Like the “Experiments in Patience” sequence, nine of the book’s thirty-two poems are titled “[Peace].” Each contains roughly eight lines and, unlike most of the book, makes minimal use of white space. Several pose questions of war and mortality (“could peace and war be a co-presence / … their separateness a reality one can no longer touch?;” “death is to be entered backwards / the necessary condition”), while others report on static, silent scenes (“a boy eyes a pizza slice / on a white paper plate;” “marijuana scented hush of the glove compartment”). While it is difficult to draw narrative relationships between these pieces, their shared title, “[Peace],” invites me to frame them as either deeply interior (i.e., involved in the cultivation of “inner peace”) or implicitly political (i.e., pacifistic allegories), or as some combination of the two. I find myself reading a poem about a father’s funeral as an account of Kübler-Rossian acceptance, while a poem about near-drowning strikes me as somehow related to waterboarding and, by proxy, Guantanamo.

Perhaps by way of explanation, Conoley prefaces these poems with another, titled “PEACE,” which refers to “the / sudden action of a single word.” In addition to proving that, yes, “all poetry is political”—even (or maybe especially) the nonlinear, hyper-associative sort—Conoley demonstrates how a single titular word can impose a set of normative readings. A poem about a banana tree becomes, by the “sudden action of a single word,” a censure of late capitalism. In another, a closed mouth comes to symbolize the subaltern.

I do not mean to suggest that none of the poems in Peace are overtly political; several are, including “Opened,” which borrows phrases from radio reports on the Fukushima Daiichi nuclear disaster and a speech by President Obama, and “Trying to Write a Poem About Gandhi,” in which Marx, Tolstoy, and the Transcendalists all make cameos. Rather, Conoley draws from all realms of her experience to forge a near holistic vision of her inner world, shaped as it is by distinctly American thought regimes and, more often, her opposition to them.
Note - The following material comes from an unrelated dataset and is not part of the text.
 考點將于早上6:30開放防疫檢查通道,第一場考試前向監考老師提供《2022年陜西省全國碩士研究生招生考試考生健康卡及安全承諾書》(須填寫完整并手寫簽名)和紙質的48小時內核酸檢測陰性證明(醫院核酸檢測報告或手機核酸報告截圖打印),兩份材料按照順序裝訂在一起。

This world is shaped, too, by the Californian landscape: its palm trees and calla lilies, citrus groves and coastlines. The speaker’s parents figure into many of these poems as Conoley contemplates the source and end of life; occasionally, as if with surprise, she mentions her own role as a mother, its joys and burdens.
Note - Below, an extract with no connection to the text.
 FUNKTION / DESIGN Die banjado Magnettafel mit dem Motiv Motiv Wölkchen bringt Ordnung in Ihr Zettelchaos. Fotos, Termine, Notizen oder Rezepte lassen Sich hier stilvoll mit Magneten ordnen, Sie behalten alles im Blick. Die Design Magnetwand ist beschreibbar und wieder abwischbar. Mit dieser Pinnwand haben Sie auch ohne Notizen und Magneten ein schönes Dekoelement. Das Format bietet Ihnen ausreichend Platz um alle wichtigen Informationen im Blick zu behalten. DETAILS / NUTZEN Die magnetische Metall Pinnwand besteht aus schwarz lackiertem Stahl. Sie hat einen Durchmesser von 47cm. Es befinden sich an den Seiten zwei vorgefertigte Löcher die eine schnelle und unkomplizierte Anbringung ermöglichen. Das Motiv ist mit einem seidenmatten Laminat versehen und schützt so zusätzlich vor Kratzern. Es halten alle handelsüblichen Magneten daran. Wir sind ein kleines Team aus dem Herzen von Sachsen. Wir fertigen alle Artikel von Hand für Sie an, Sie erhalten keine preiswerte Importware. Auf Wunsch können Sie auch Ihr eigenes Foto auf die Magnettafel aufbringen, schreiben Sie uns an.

Peace’s great achievement is its ability to articulate so complete and integral a vision of the world. Conoley’s work might ring of Brenda Hillman or Jorie Graham—and its vacillation between the gestural and explicit might recall the Objectivists—but its timbre is unmistakably her own. In the book’s final poem, “Begins,” she writes, “I love dancing because it makes me feel / strong and beautiful / and made of muscle and air / it is a weedy, unmanicured trail.” I can offer no more apt a description of her verse: muscle and air; unstifled growth along a serpentine, always surprising trail.